Birch previously spent a dozen years at the Culver City lot before moving on to jobs at DreamWorks, FilmDistrict and Universal’s Focus Features label. At DreamWorks, she took part in the launch of “Transformers” and “The Help.” At Focus, big titles included “London Has Fallen” and “The Theory of Everything,” which earned a best actor Oscar for Eddie Redmayne.

Caraco has been within the Sony family since 1989, when he joined TriStar Pictures as a junior publicist. Within five years he had become vice president of national publicity at Columbia Pictures. In 2006 he became executive vice president of motion picture publicity for Sony Pictures marketing and distribution worldwide. His publicity work set the state for many films, including “Casino Royale,” “Talladega Nights: The Ballad of Ricky Bobby” and “The DaVinci Code.”
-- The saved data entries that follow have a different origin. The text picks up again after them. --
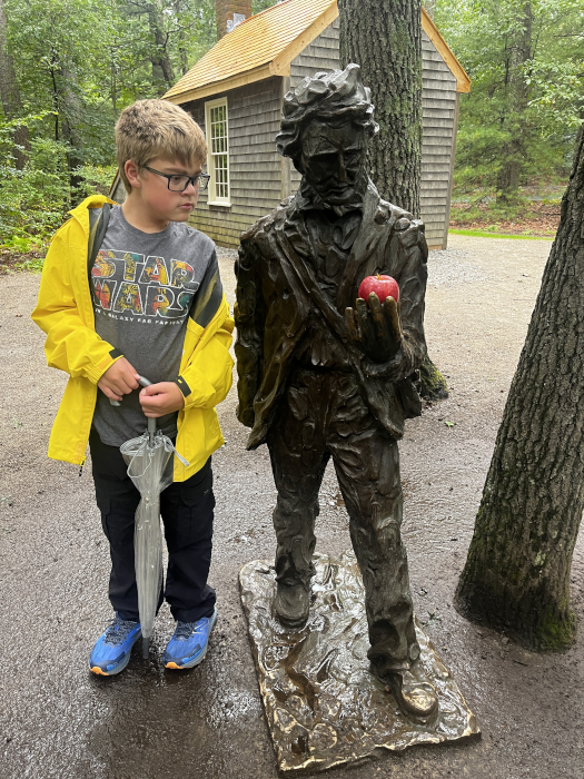 Then it was time to go to Walden Pond. First we stopped at the visitor center, which was full of Thoreau stuff - Mom and Dad were pretty excited.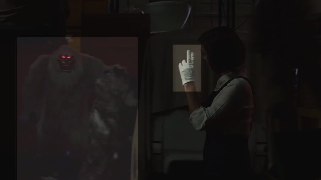 Just under halfway through the spot, the cast member arrives at her destination. A she glances down, a large and rare artifact can be seen behind her. This is the model Nautilus, once displayed as part of the 20,000 Leagues Under the Sea exhibit in Tomorrowland.
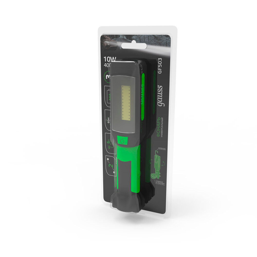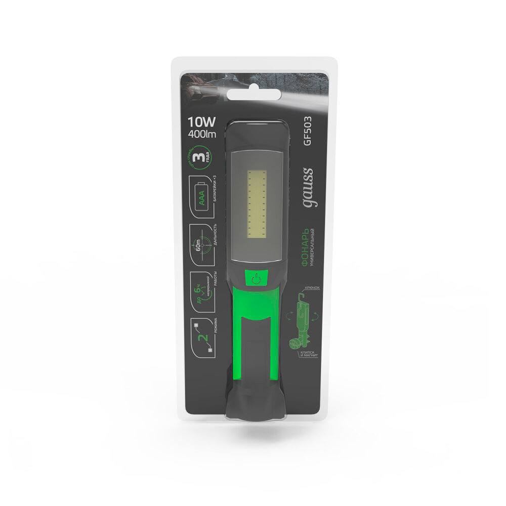 Полное описание товара Фонарь светодиодный рабочий 10 Вт 400 лм Черный IP40 на батарейках 3xААА GFL Gauss (GAUSS) GF503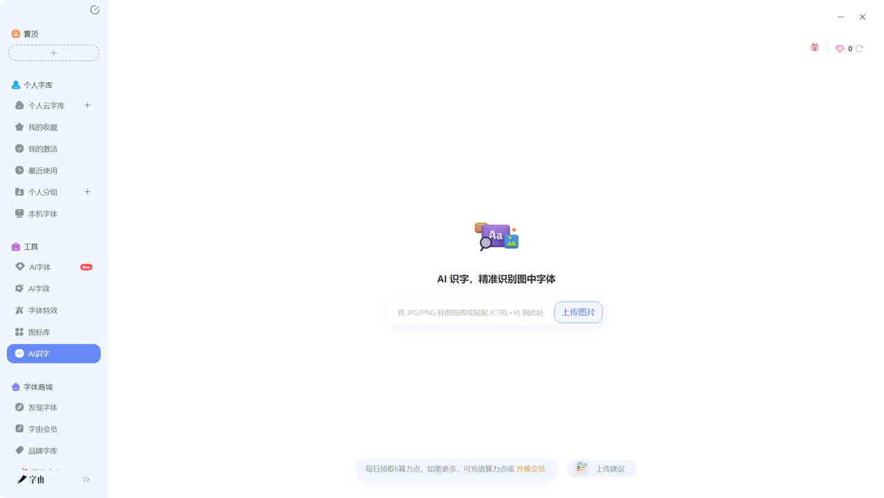 - AI字体:可能是智能推荐字体的功能,上传图片,AI自动识别图中的元素,推荐最适合的字体。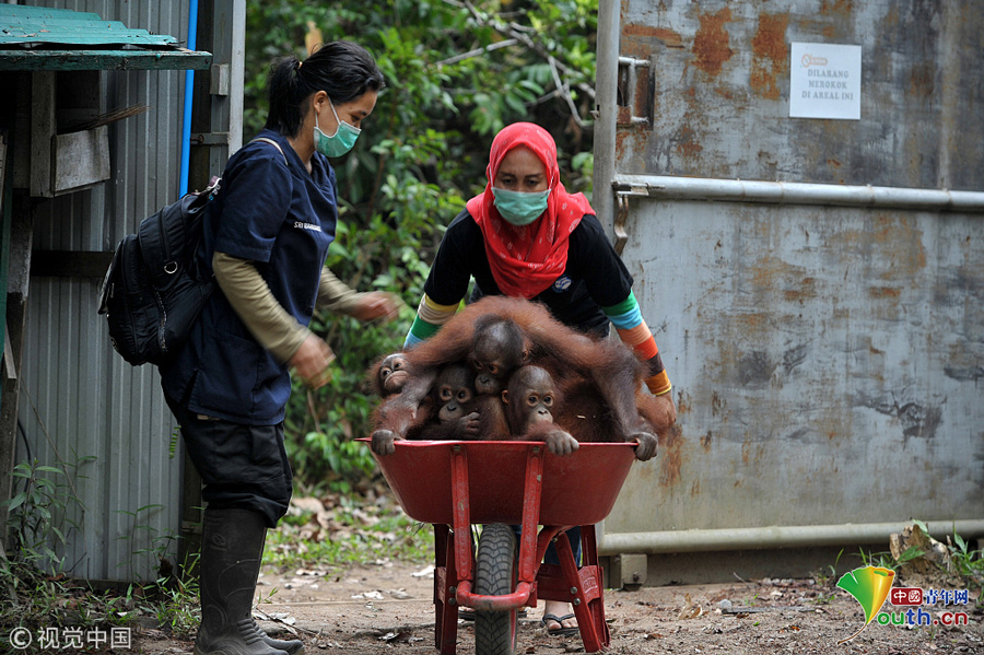 當?shù)貢r間2018年9月18日,印尼加里曼丹克塔邦,國際動物救援(IAR)猩猩安全與保護中心里,飼養(yǎng)員用獨輪車把猩猩寶寶送到森林學(xué)校。圖片作者:Newscom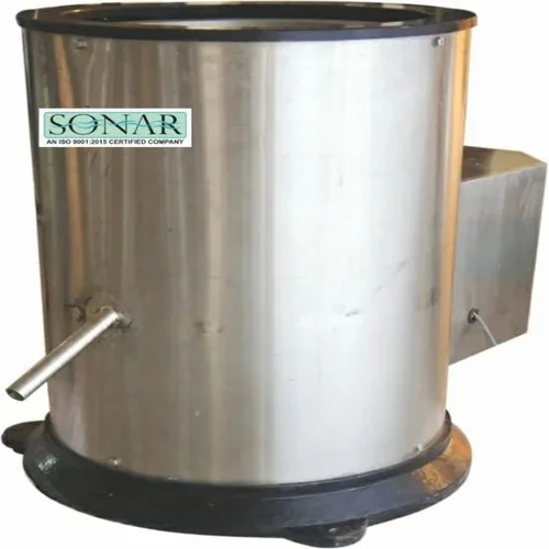 Automatic stainless steel dryer machine for commercial use. Features up to 50 kg capacity. Tilting machine design with silver body colour.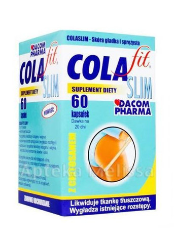 Особливості: COLAFIT SLIM з хітозаном та органічним кальцієм особливо рекомендований людям, які хочуть схуднути, піклуються про свою фігуру та мають проблеми з розтяжками та сухою, в’ялою шкірою. Вміщений в препараті хітозан - натуральна клітковина, отримана з морських ракоподібних, має здатність зв'язувати жир в шлунку. Він не перетравлюється, поглинає жир вагою в 6 разів більше власної ваги, який видаляється з організму перед метаболізмом. Важливою властивістю хітозану є здатність знижувати рівень холестерину в крові. Використання жорстких дієт для схуднення дуже часто знижує працездатність суглобів і кісток і позначається на зовнішньому вигляді шкіри. Саме тому препарат COLAFIT SLIM з хітозаном і колагеном (основним компонентом кісткової тканини, шкіри та суглобових хрящів) був створений для захисту органів опорно-рухового апарату та забезпечення гладкості та еластичності шкіри навіть у разі раптової ваги. втрати, а для запобігання утворенню т. зв "розтяжки". Інгредієнти: Хітозан - 300 мг, органічний кальцій - 298 мг, чистий органічний 2 мг, ліофілізований колаген 99,9%, 2 мг ліофілізованого колагену у формі кубика при споживанні виробляють 200 мг найякіснішого колагенового гелю в організмі. мікроелементи: Кальцій 321 мг Магній 2,7 мг Фосфор 0,54 мг Хром 0,052 мг Нікель 0,017 мг Цинк 0,005 мг Сліди вітамінів В2, В6, В12, Е та йоду Білок 510 мг Цукор 360 мг Жири 0,009 мг Клітковина 0,057 мг Енергетична цінність 15,2 кДж/ 3,66 ккал Упаковка: 60 капсул Дієтичні добавки не можна використовувати як заміну різноманітного харчування або здорового способу життя. Не перевищуйте рекомендовану добову дозу продукту. Дієтичні добавки слід зберігати в недоступному для маленьких дітей місці. Перед використанням продукту радимо прочитати детальну інформацію, наведену на упаковці або вкладеному листі-буклеті.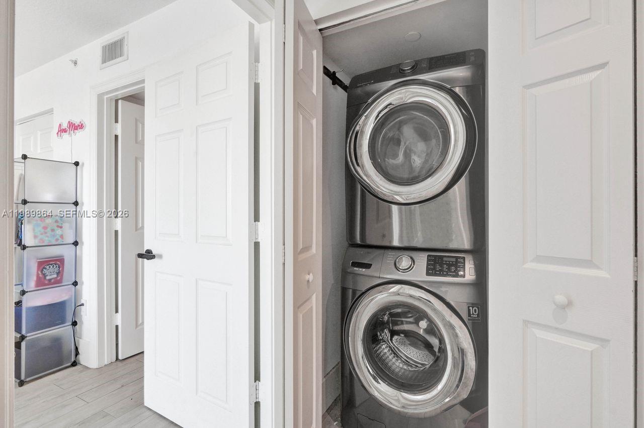 This 2-bedroom, 2-bathroom condo offers a perfect blend of modern finishes, comfort, and convenience. The home features kitchen with quartz countertops, stainless steel appliances, and wine cooler. The unit includes custom built in closets, full size washer and dryer, and elegant porcelain wood look floors throughout. Flooded with natural light, the condo showcases panoramic city views from the 2 balconies—an ideal spot to unwind. Assigned covered parking space for added convenience and plenty of visitor parking. The building offers a variety of amenities, including pool, barbecue area, fitness room, party room, front desk services, covered parking, and on site management. Located just moments from Miracle Mile, you’ll enjoy easy access to shops, supermarkets, cafés, and top restaurants. Plus, you’re only minutes away from Coconut Grove, Brickell, Key Biscayne, Downtown Miami, Miami International Airport and UM University of Miami — one of the most desirable and connected locations in Miami.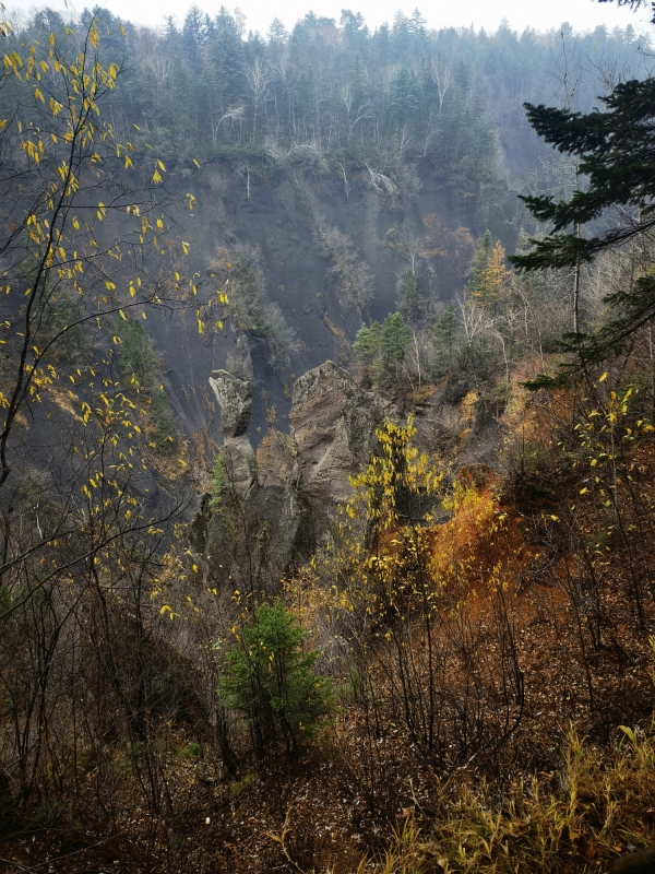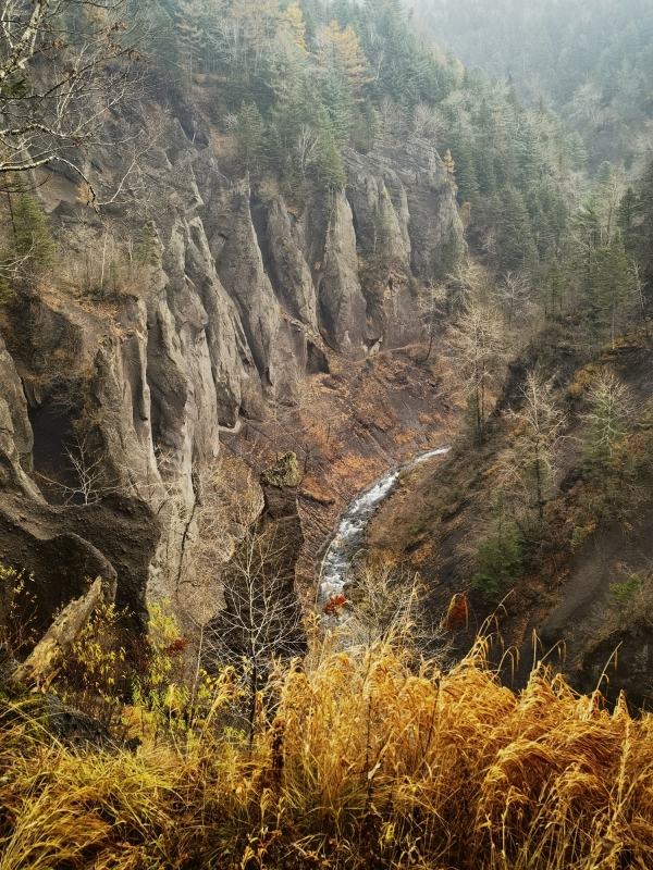 长白山天池西坡南坡封道,只能漫步锦江大峡谷。锦江大峡谷位于吉林省白山市抚松县长白山火山西坡北锦江谷地,距天池20多公里。峡谷长达70公里,最宽处约300米,垂直深达160米,呈“人”字形,由南锦江峡谷和北锦江峡谷最后汇成一条峡谷。它是由火山堆积经千年的断裂构造作用和流水侵蚀切割而形成的,谷底有一条溪流,谷坡约70-80度,部分地方垂直,极难下到谷底。

Greenstein called the duo “the right executives to launch the incredible new slate we have rolling out this year.”

Syracuse University grad Caines got his business start at Chase Manhattan Bank, where he launched the company’s first call center for personal computer banking users. He started at Sony in 1997 as the director of market research. In 2005, he became Sony Pictures digital marketing division. He later moved up to become president of marketing for all of Sony Pictures Entertainment.

In his memo, Greenstein praised Caines, who he said “built a world-class digital marketing function from the ground up, and transformed the way we market our films to consumers.” In his own note to co-workers, Caines said he would work toward a smooth transition and said he was proud to have been the first digital marketer to be appointed head of marketing at a major studio.